(Stored items)

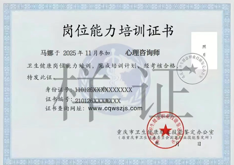 重庆市卫生健康职业技能鉴定办公室心理咨询师证书样本
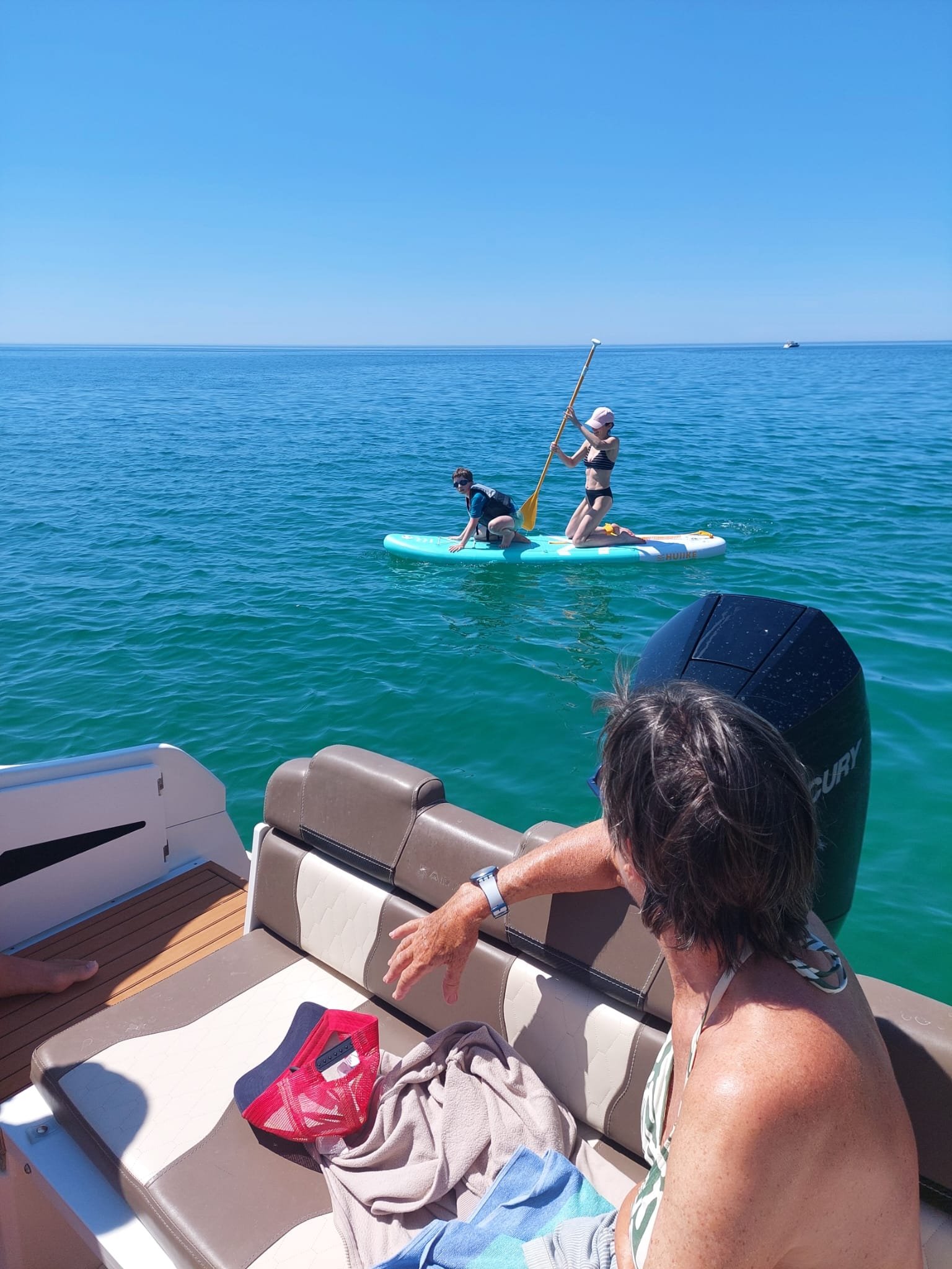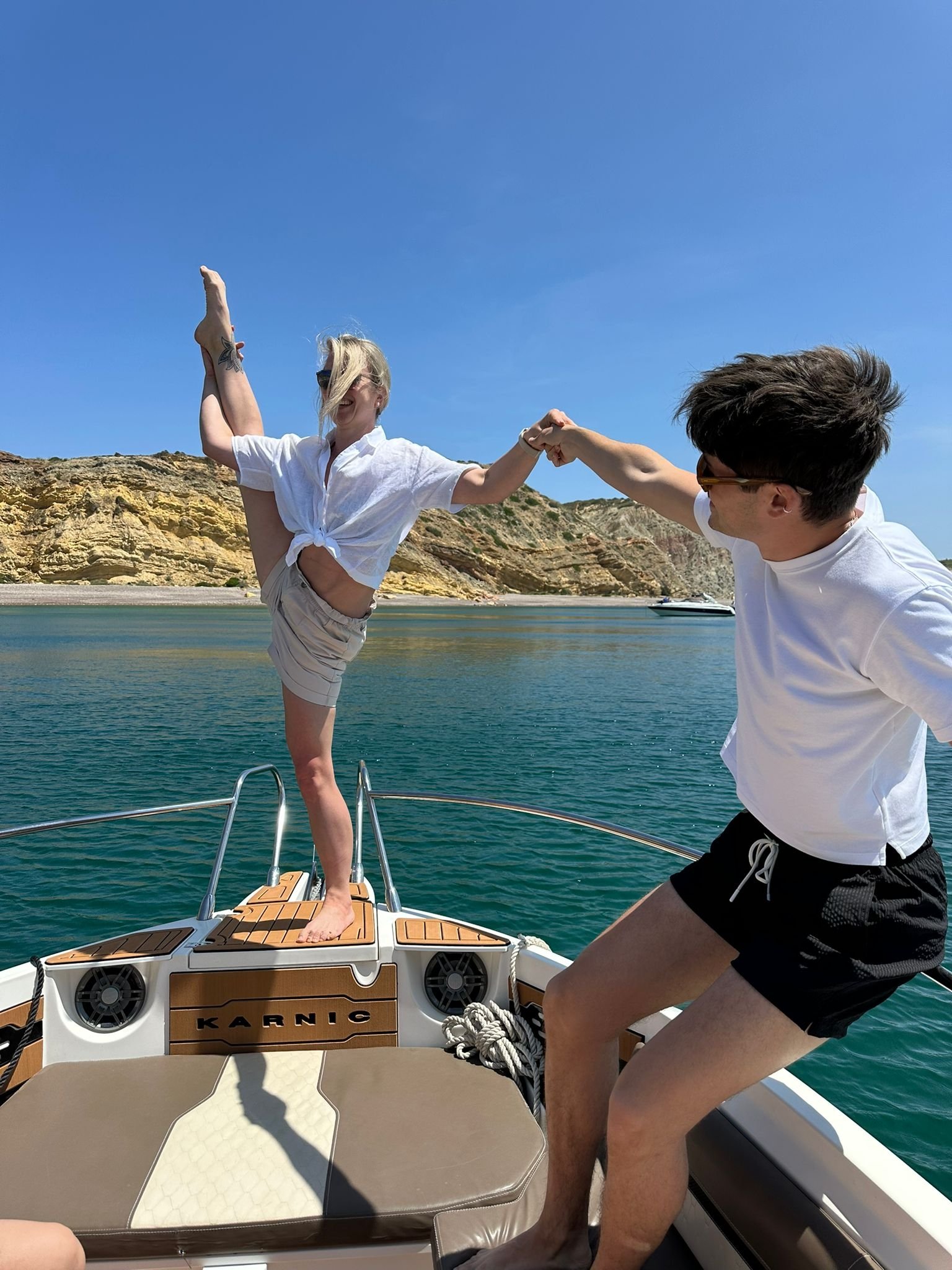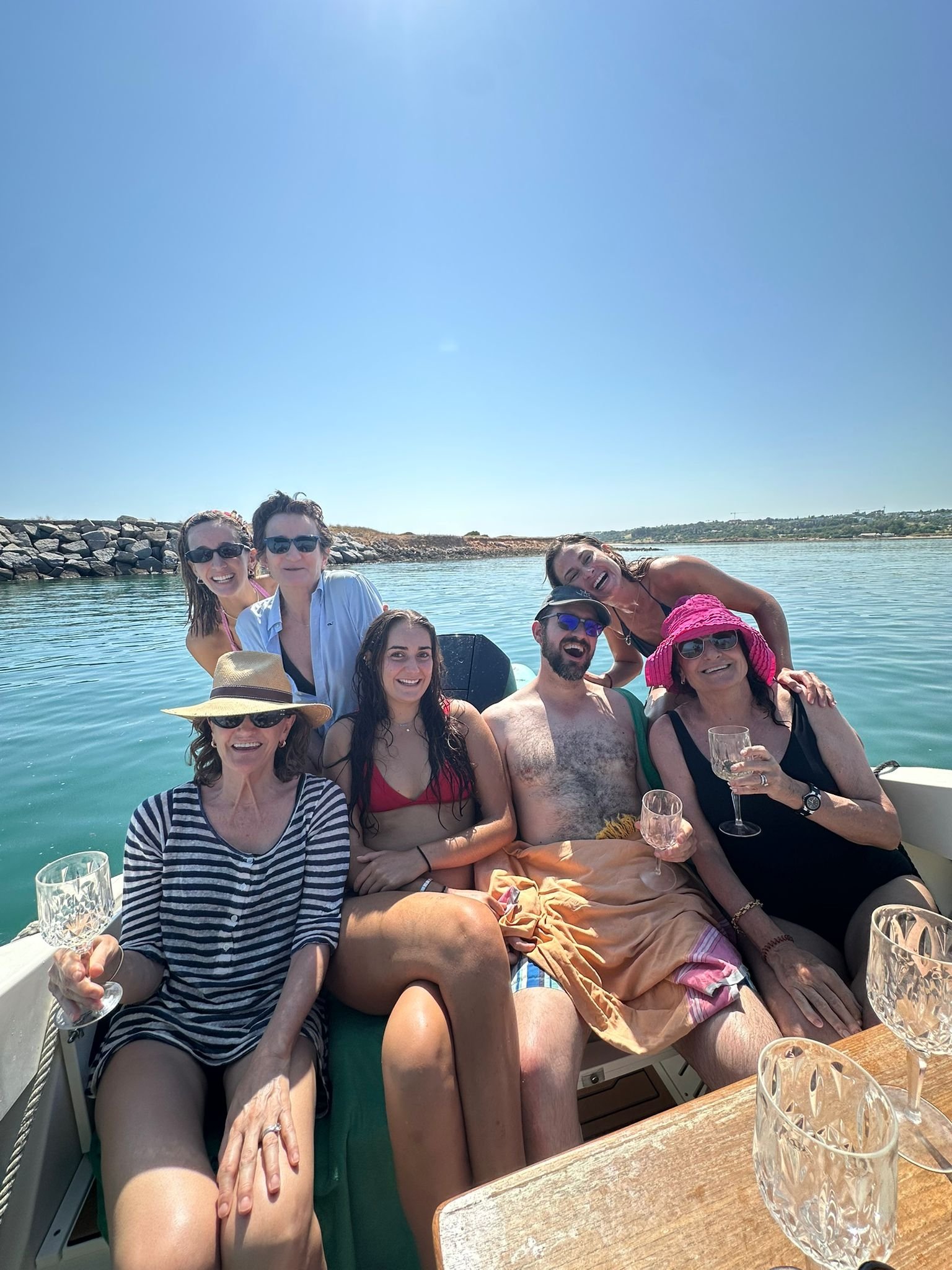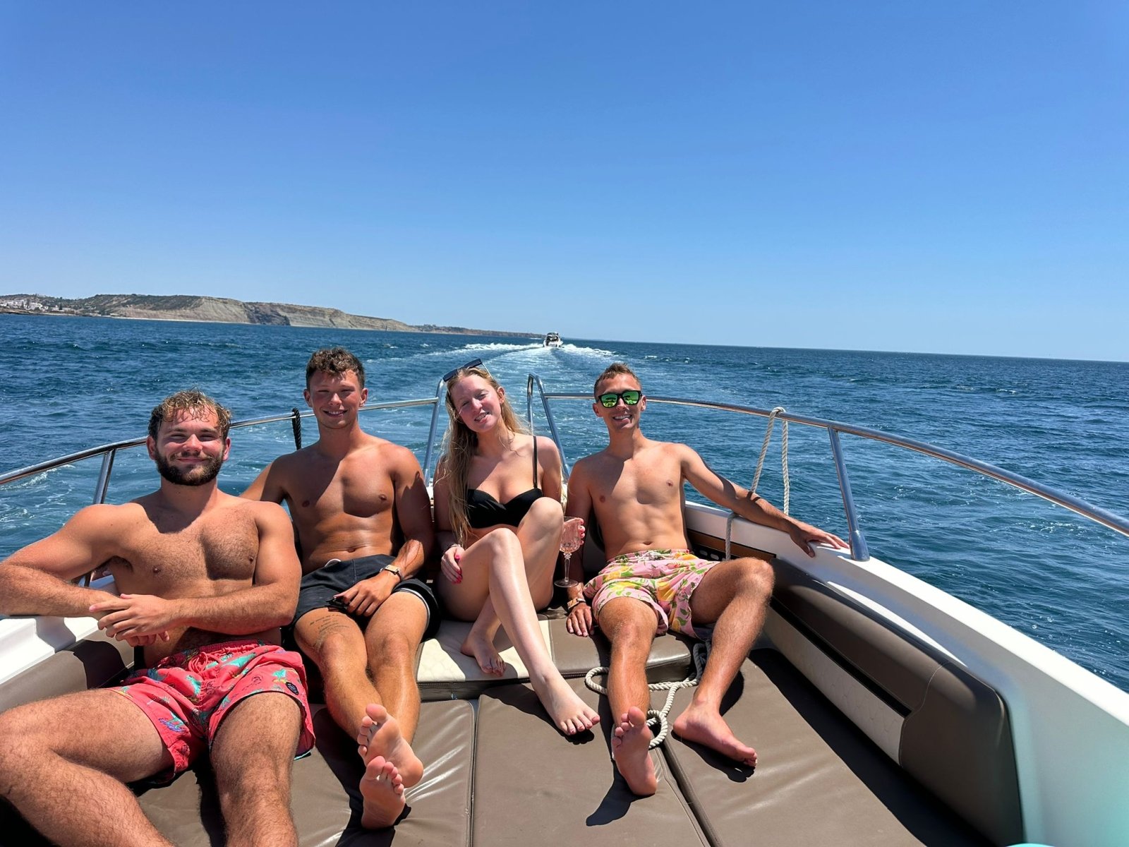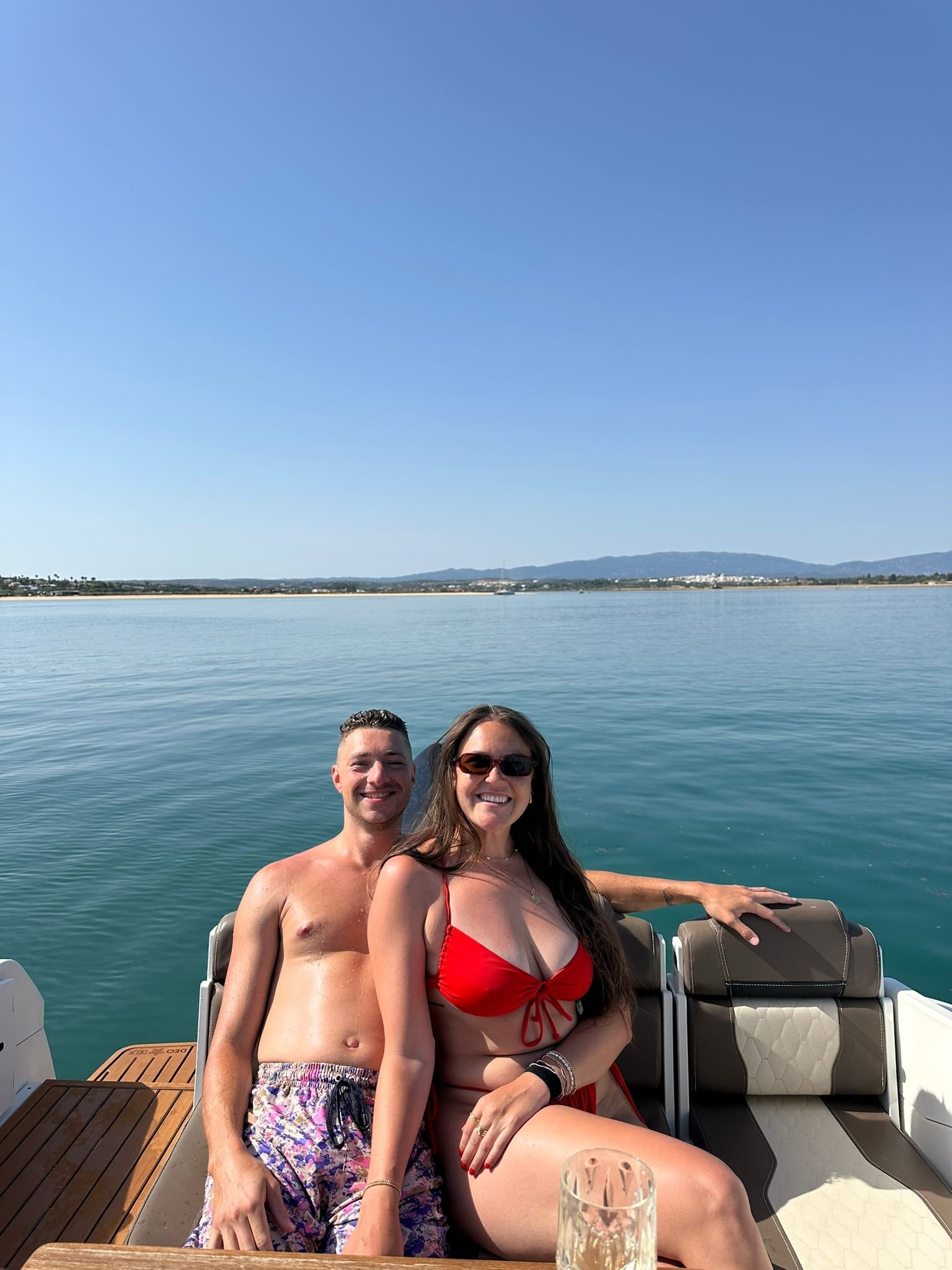 Fresh for the 2026 season, she’s just had a brand-new upholstery refit, giving the boat a stunning, luxurious look that feels as amazing as it looks. With a convertible bow that transforms from a comfy lounge to a sun-soaked haven, a shaded seating area, an easy-access swim platform, and onboard bathroom facilities, this boat has everything you need for the ultimate Algarve experience.
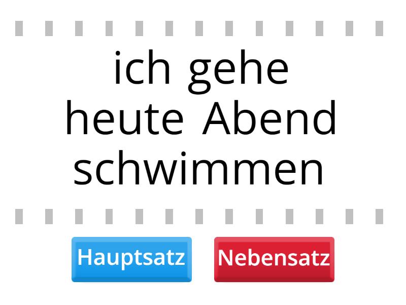 Hauptsatz: ich gehe heute Abend schwimmen, ich gehe jeden Tag zur Schule, du hast heute Geburtstag, du bekommst viele Geschenke, er ist krank, er schläft sehr viel, sie spielt mit ihren Freunden, sie kann sehr gut singen, es freut mich, wir gehen ins Kino, wir reisen nach Italien , Ihr trainiert jeden Tag , ihr seid zu meiner Party eingeladen, sie sprechen Japanisch, sie spielen viele Instrumente , Nebensatz: weil es warm ist, weil ich viel lernen will, bevor ich schlafen gehe, weil er müde ist, bis sie schlafen gehen muss, wenn sie viel übt, dass es dir gut geht, dass ich eine Katze habe, dass das Wetter schön ist , weil wir gerne Filme sehen, weil wir das Kolosseum sehen wollen, damit ihr einen Marathon laufen könnt, weil wir Freunde sind , weil sie aus Japan kommen, wenn wir nach Hause komme,
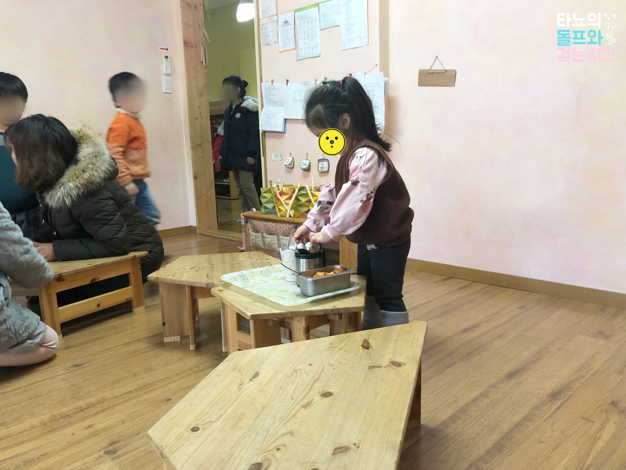 ▲ 종이별을 다 만든 아이들과 부모들은 옆방으로 이동해서 간단한 간식을 먹었어요. 우리 둘째가 이모와 엄마를 위해서 깍두기를 열심히 담고 있습니다. 숟가락과 포크도 함께 가져오라고 시켰더니 아주 잘 해냈어요.
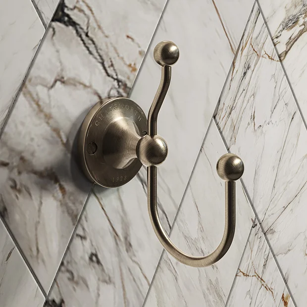 Chatsworth 1928 Brushed Antique Brass Effect Traditional Double Robe Hook
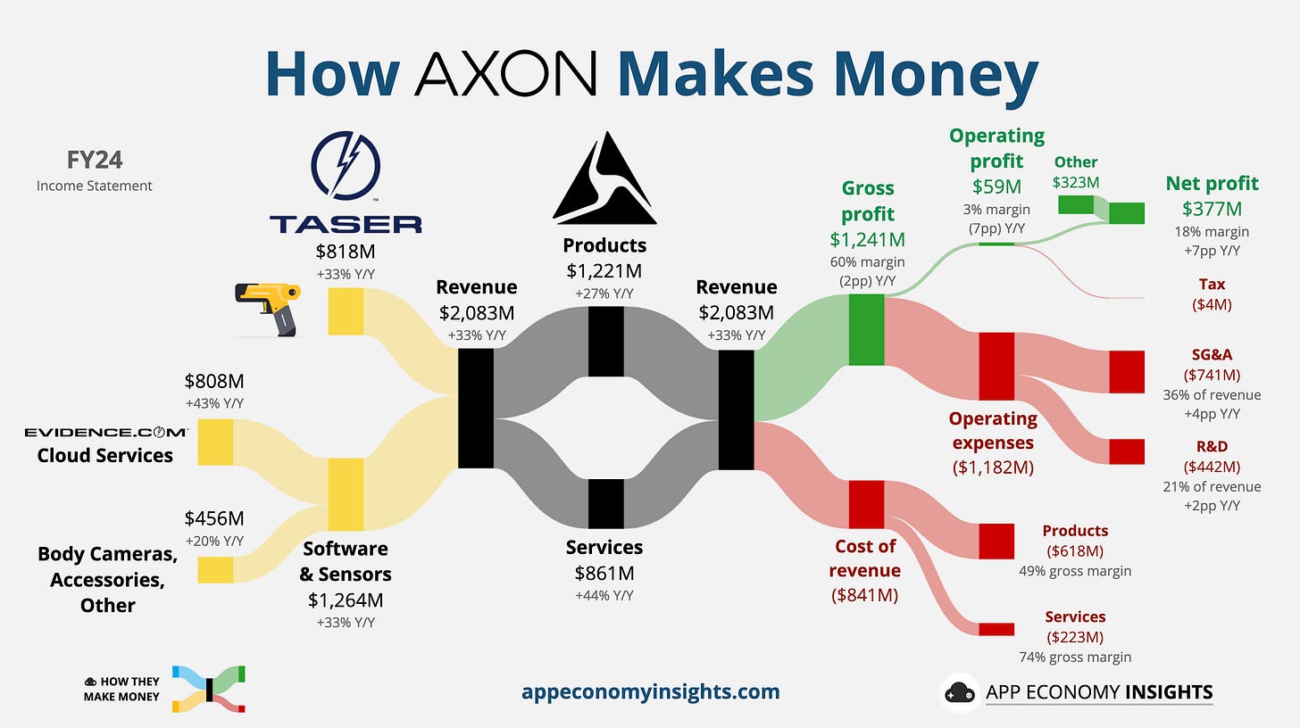 If this looks like Appleâs income statement, thatâs no coincidenceâAxon is following a similar playbook, a hybrid of hardware grit and software savvy. Today, the business splits cleanly into two segments:
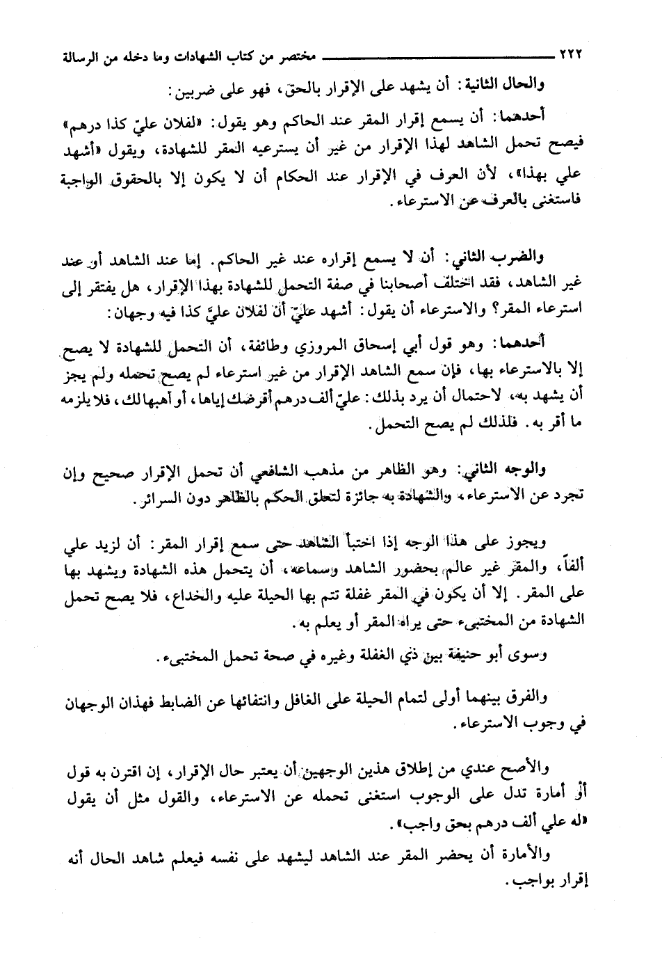 وَالْوَجْهُ الثَّانِي: وَهُوَ الظَّاهِرُ مِنْ مَذْهَبِ الشَّافِعِيِّ أَنَّ تَحَمُّلَ الْإِقْرَارِ صَحِيحٌ وَإِنْ تَجَرَّدَ عَنْ الِاسْتِرْعَاءِ، وَالشَّهَادَةُ بِهِ جَائِزَةٌ لِتَعَلُّقِ الْحُكْمِ بِالظَّاهِرِ دُونَ السَّرَائِرِ.

» **EXERCISE DESCRIPTION**
Excluding pictures, print all lines above exactly.

» **WRITTEN SOLUTION**
 重庆市卫生健康职业技能鉴定办公室心理咨询师证书样本
 Fresh for the 2026 season, she’s just had a brand-new upholstery refit, giving the boat a stunning, luxurious look that feels as amazing as it looks. With a convertible bow that transforms from a comfy lounge to a sun-soaked haven, a shaded seating area, an easy-access swim platform, and onboard bathroom facilities, this boat has everything you need for the ultimate Algarve experience.
 Hauptsatz: ich gehe heute Abend schwimmen, ich gehe jeden Tag zur Schule, du hast heute Geburtstag, du bekommst viele Geschenke, er ist krank, er schläft sehr viel, sie spielt mit ihren Freunden, sie kann sehr gut singen, es freut mich, wir gehen ins Kino, wir reisen nach Italien , Ihr trainiert jeden Tag , ihr seid zu meiner Party eingeladen, sie sprechen Japanisch, sie spielen viele Instrumente , Nebensatz: weil es warm ist, weil ich viel lernen will, bevor ich schlafen gehe, weil er müde ist, bis sie schlafen gehen muss, wenn sie viel übt, dass es dir gut geht, dass ich eine Katze habe, dass das Wetter schön ist , weil wir gerne Filme sehen, weil wir das Kolosseum sehen wollen, damit ihr einen Marathon laufen könnt, weil wir Freunde sind , weil sie aus Japan kommen, wenn wir nach Hause komme,
 ▲ 종이별을 다 만든 아이들과 부모들은 옆방으로 이동해서 간단한 간식을 먹었어요. 우리 둘째가 이모와 엄마를 위해서 깍두기를 열심히 담고 있습니다. 숟가락과 포크도 함께 가져오라고 시켰더니 아주 잘 해냈어요.
 Chatsworth 1928 Brushed Antique Brass Effect Traditional Double Robe Hook
 If this looks like Appleâs income statement, thatâs no coincidenceâAxon is following a similar playbook, a hybrid of hardware grit and software savvy. Today, the business splits cleanly into two segments:
 وَالْوَجْهُ الثَّانِي: وَهُوَ الظَّاهِرُ مِنْ مَذْهَبِ الشَّافِعِيِّ أَنَّ تَحَمُّلَ الْإِقْرَارِ صَحِيحٌ وَإِنْ تَجَرَّدَ عَنْ الِاسْتِرْعَاءِ، وَالشَّهَادَةُ بِهِ جَائِزَةٌ لِتَعَلُّقِ الْحُكْمِ بِالظَّاهِرِ دُونَ السَّرَائِرِ.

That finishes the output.